* AIM OF THE TASK:
Further down are entries; set down exactly and only the lines from the one with "Nacionales | Bs." up to and including the one with "Open knit crochet", dropping each picture.

Top of INPUT FOR THIS TASK

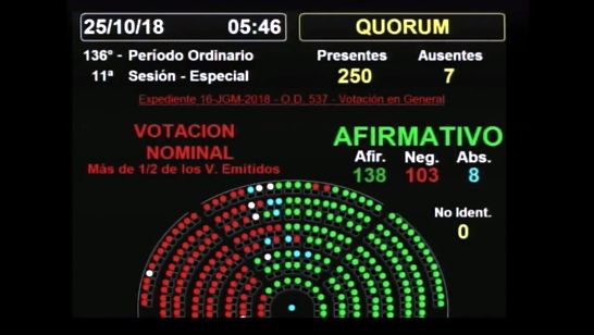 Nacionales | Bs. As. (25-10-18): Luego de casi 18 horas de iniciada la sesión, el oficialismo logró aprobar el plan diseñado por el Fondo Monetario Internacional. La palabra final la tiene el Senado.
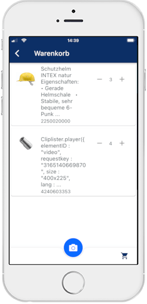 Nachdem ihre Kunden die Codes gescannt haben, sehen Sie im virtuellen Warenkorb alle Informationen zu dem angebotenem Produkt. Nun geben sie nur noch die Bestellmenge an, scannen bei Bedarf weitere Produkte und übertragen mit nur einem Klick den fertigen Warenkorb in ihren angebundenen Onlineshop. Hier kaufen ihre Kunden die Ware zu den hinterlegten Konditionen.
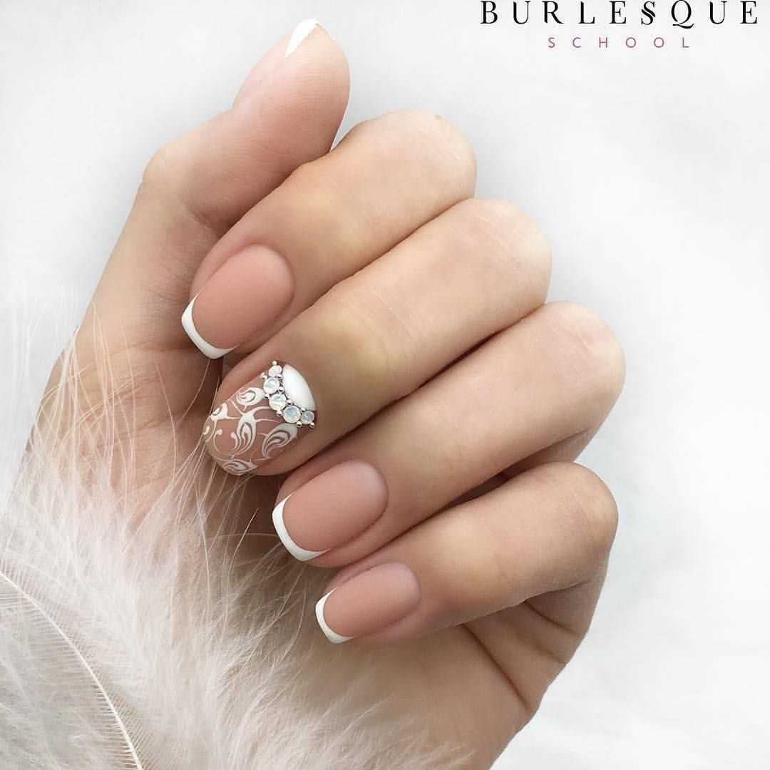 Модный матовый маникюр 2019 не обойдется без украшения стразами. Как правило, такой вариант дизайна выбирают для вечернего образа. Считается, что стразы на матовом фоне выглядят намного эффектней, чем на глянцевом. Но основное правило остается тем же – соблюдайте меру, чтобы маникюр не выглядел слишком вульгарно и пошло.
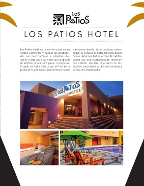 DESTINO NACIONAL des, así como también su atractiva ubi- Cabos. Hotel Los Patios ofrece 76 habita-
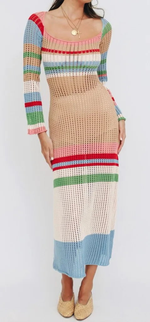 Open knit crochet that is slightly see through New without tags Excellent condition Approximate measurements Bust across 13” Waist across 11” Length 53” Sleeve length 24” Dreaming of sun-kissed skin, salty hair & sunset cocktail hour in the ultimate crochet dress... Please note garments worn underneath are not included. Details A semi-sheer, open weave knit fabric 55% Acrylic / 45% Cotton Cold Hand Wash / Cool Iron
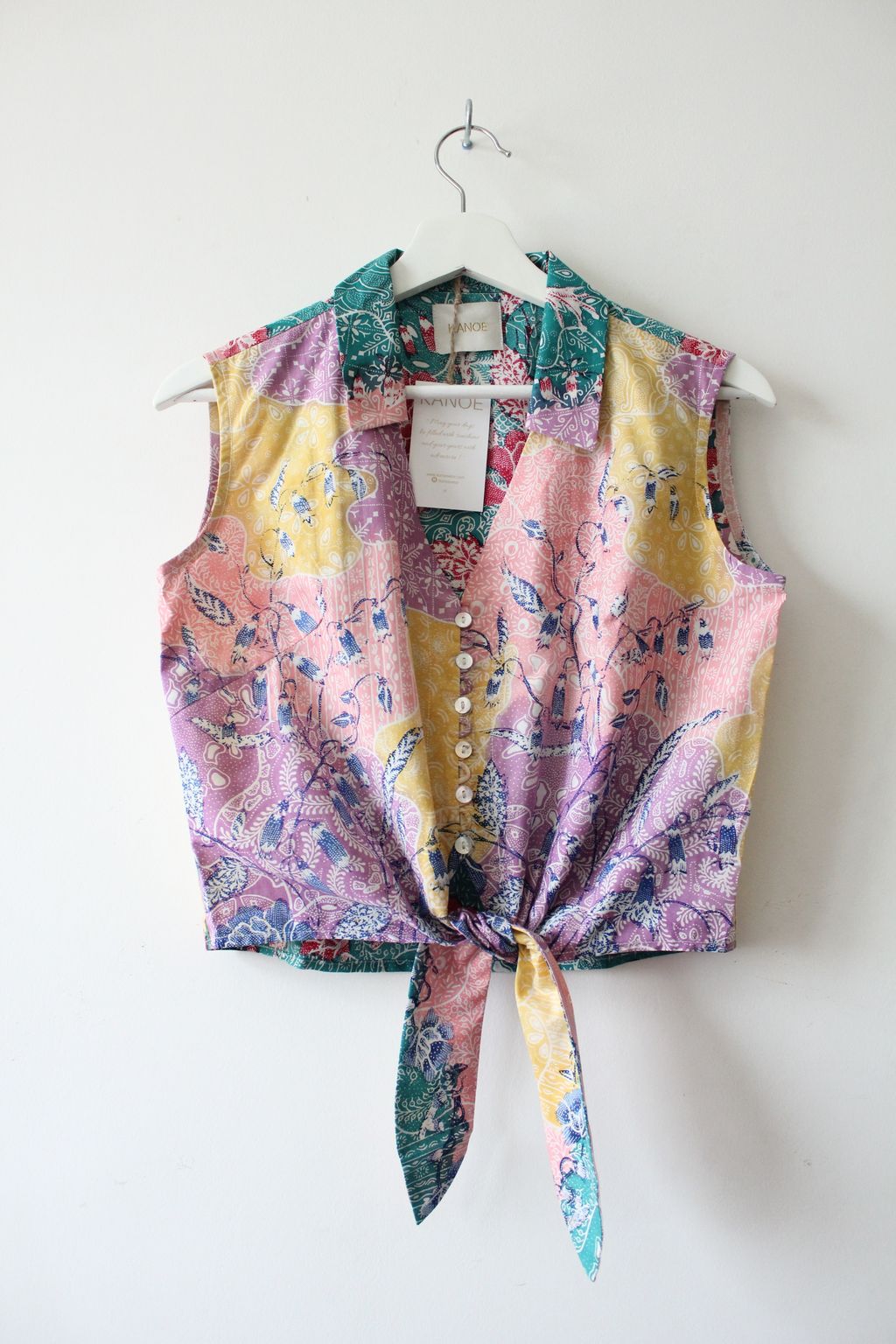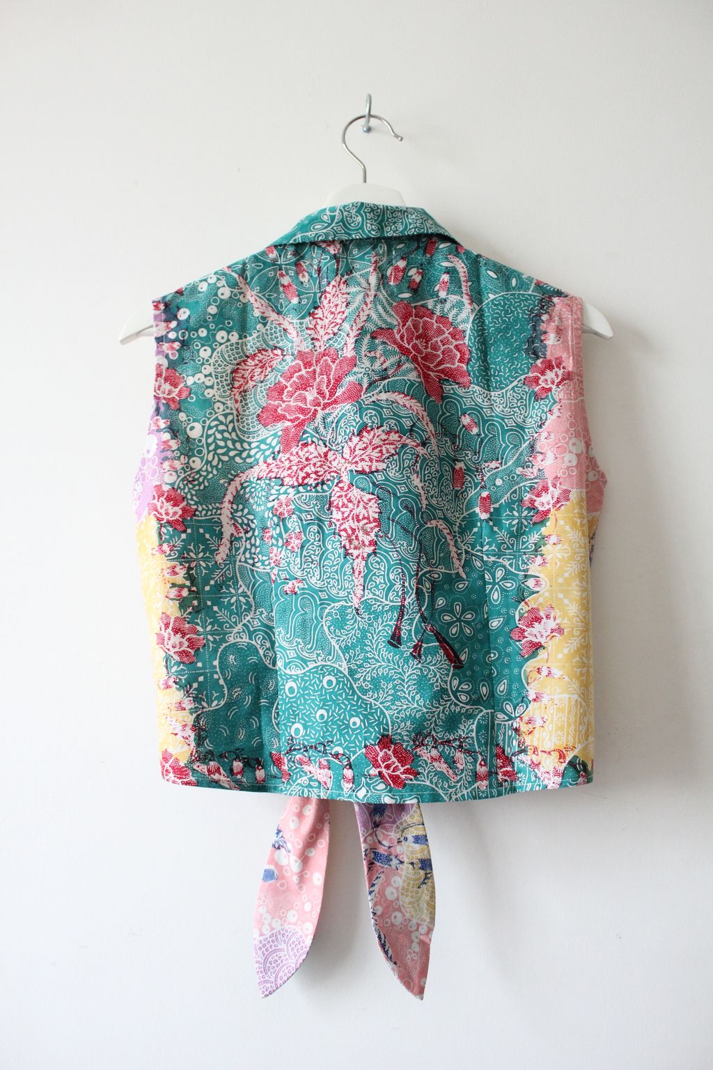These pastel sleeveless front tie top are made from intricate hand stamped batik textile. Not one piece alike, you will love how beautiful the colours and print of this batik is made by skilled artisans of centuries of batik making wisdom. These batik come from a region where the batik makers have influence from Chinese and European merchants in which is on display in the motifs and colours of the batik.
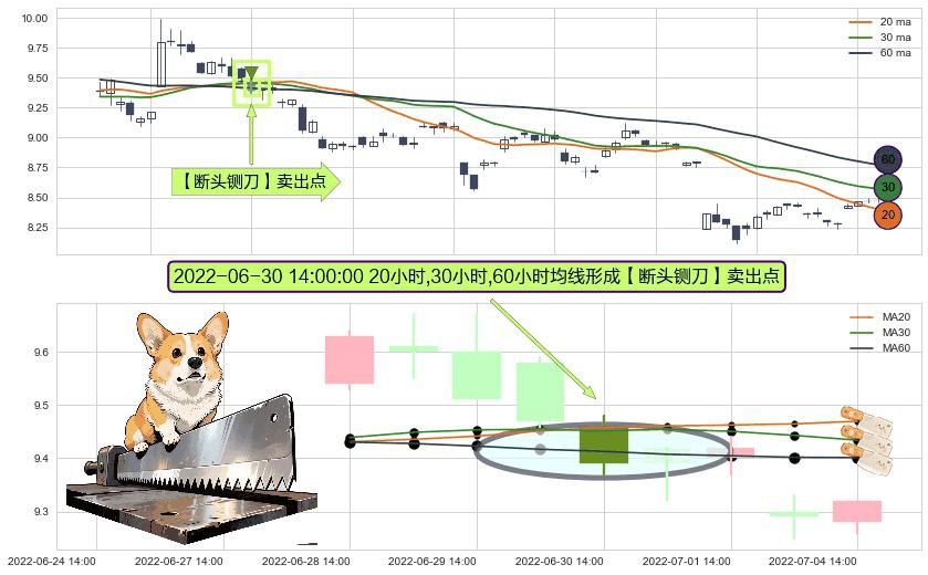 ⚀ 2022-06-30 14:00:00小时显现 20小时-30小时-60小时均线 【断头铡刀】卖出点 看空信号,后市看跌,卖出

Bottom of INPUT FOR THIS TASK
Top of INPUT FOR THIS TASK

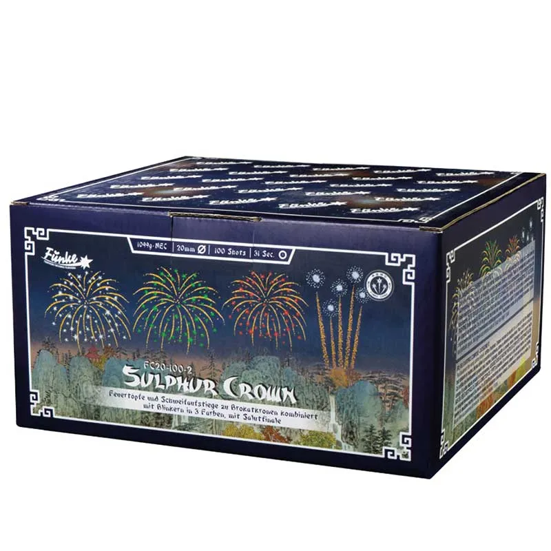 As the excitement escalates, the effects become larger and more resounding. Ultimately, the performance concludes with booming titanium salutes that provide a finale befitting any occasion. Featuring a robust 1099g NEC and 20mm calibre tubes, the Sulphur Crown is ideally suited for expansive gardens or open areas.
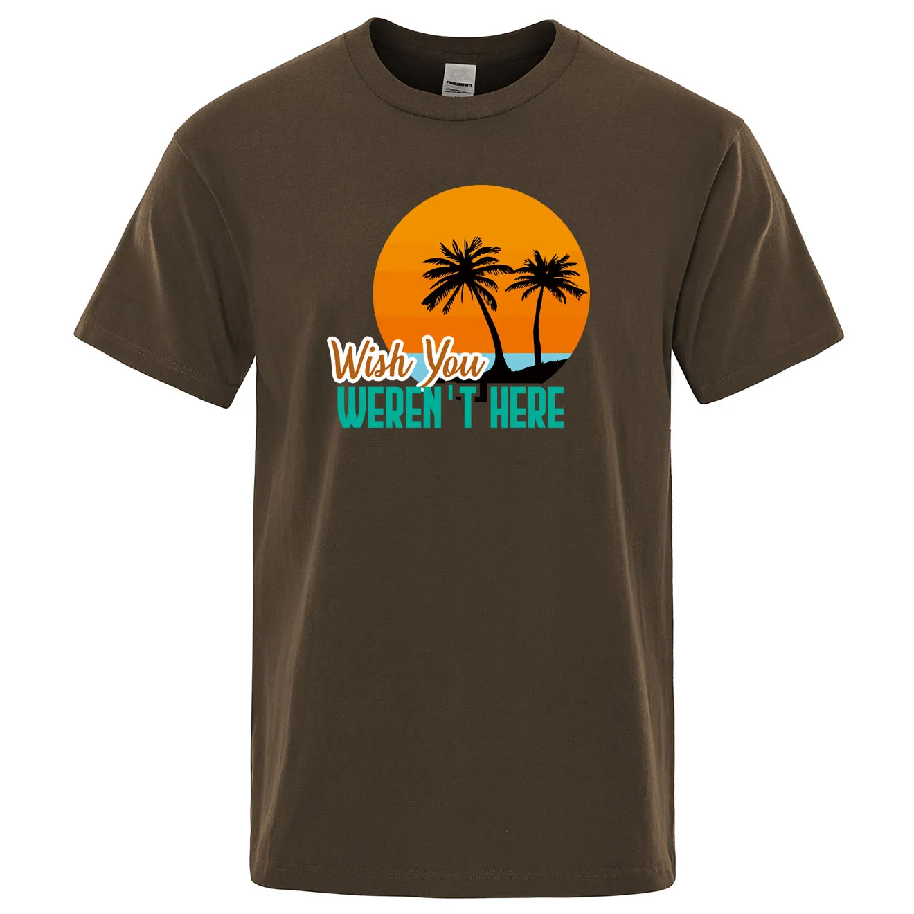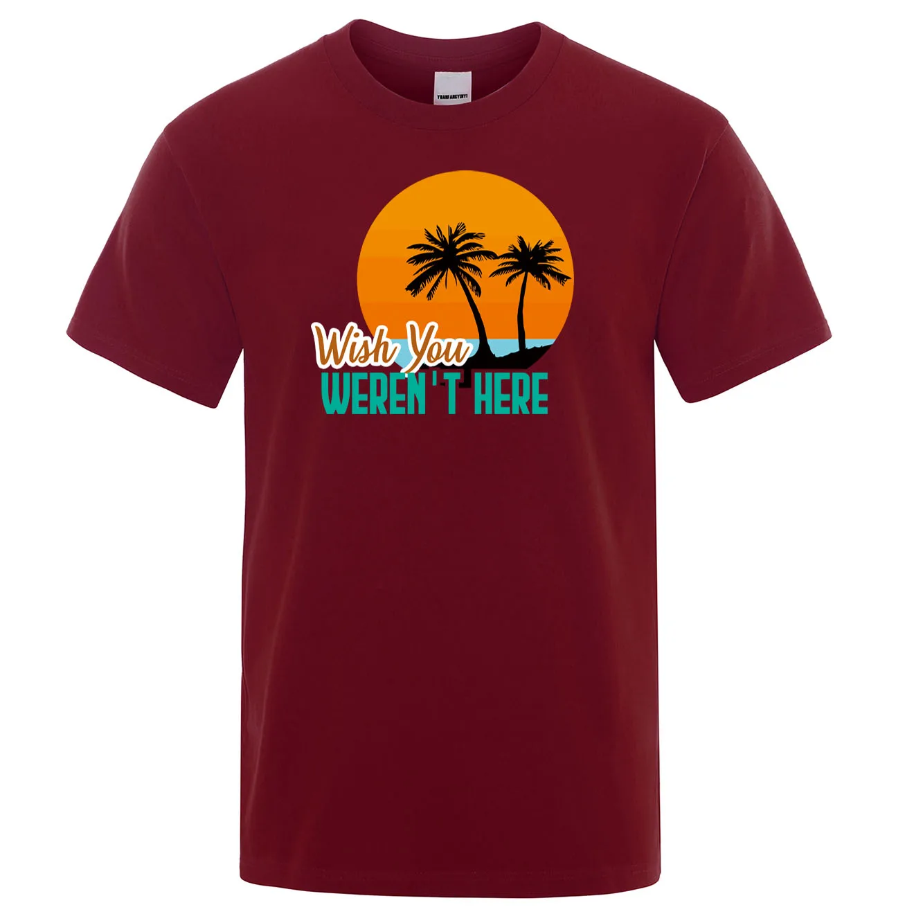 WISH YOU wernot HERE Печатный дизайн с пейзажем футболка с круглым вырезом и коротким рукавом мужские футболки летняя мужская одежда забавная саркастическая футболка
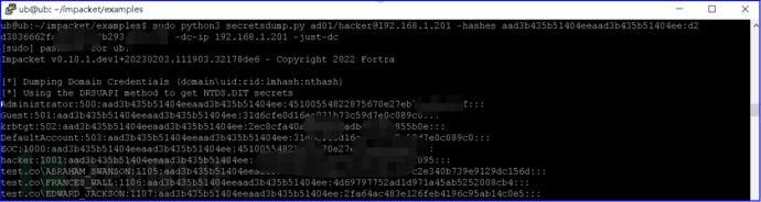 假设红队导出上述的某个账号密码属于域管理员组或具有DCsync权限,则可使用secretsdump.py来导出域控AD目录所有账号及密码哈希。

Bottom of INPUT FOR THIS TASK
Top of INPUT FOR THIS TASK

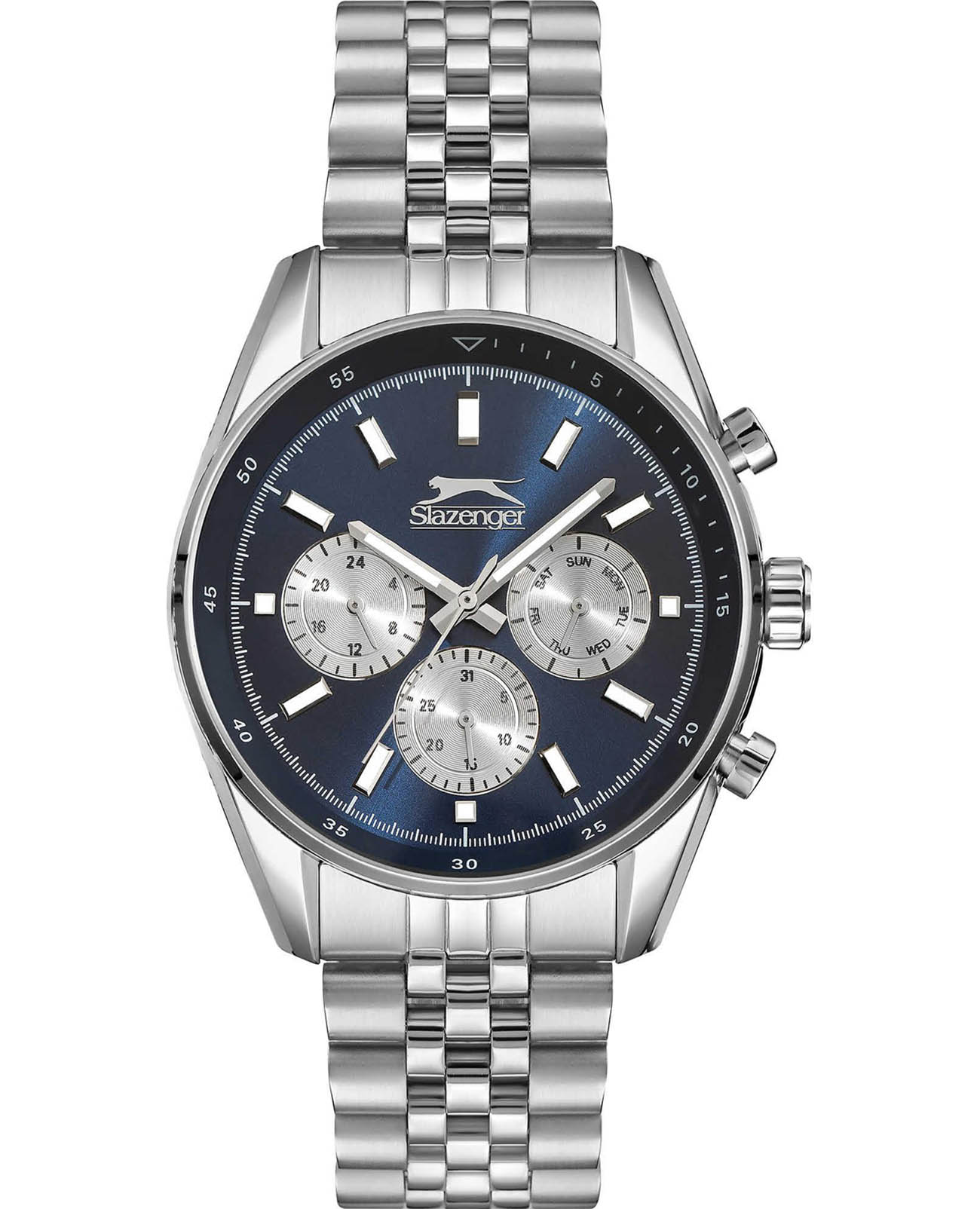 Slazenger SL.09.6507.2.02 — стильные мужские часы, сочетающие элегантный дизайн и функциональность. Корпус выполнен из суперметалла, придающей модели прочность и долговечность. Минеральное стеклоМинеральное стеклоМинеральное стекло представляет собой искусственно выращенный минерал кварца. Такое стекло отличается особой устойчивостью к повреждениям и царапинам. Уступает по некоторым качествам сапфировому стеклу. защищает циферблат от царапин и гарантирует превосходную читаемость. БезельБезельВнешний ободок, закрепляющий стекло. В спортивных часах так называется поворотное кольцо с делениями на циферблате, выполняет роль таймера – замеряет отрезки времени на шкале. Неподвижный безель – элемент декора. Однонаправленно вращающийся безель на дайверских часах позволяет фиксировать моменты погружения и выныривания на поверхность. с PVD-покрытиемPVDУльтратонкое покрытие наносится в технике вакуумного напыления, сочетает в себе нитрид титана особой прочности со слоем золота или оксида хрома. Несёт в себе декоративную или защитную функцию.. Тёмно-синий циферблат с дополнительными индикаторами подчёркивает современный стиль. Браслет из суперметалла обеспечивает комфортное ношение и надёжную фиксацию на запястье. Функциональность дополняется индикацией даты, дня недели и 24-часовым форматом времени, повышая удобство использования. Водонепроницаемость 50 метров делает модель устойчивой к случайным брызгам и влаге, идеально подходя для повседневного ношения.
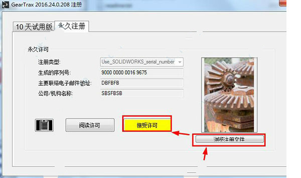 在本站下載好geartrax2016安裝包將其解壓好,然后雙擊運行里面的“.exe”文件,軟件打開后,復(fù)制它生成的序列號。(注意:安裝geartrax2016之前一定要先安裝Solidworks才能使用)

Bottom of INPUT FOR THIS TASK

* SOLUTION FOR THIS PROBLEM:
 Nacionales | Bs. As. (25-10-18): Luego de casi 18 horas de iniciada la sesión, el oficialismo logró aprobar el plan diseñado por el Fondo Monetario Internacional. La palabra final la tiene el Senado.
 Nachdem ihre Kunden die Codes gescannt haben, sehen Sie im virtuellen Warenkorb alle Informationen zu dem angebotenem Produkt. Nun geben sie nur noch die Bestellmenge an, scannen bei Bedarf weitere Produkte und übertragen mit nur einem Klick den fertigen Warenkorb in ihren angebundenen Onlineshop. Hier kaufen ihre Kunden die Ware zu den hinterlegten Konditionen.
 Модный матовый маникюр 2019 не обойдется без украшения стразами. Как правило, такой вариант дизайна выбирают для вечернего образа. Считается, что стразы на матовом фоне выглядят намного эффектней, чем на глянцевом. Но основное правило остается тем же – соблюдайте меру, чтобы маникюр не выглядел слишком вульгарно и пошло.
 DESTINO NACIONAL des, así como también su atractiva ubi- Cabos. Hotel Los Patios ofrece 76 habita-
 Open knit crochet that is slightly see through New without tags Excellent condition Approximate measurements Bust across 13” Waist across 11” Length 53” Sleeve length 24” Dreaming of sun-kissed skin, salty hair & sunset cocktail hour in the ultimate crochet dress... Please note garments worn underneath are not included. Details A semi-sheer, open weave knit fabric 55% Acrylic / 45% Cotton Cold Hand Wash / Cool Iron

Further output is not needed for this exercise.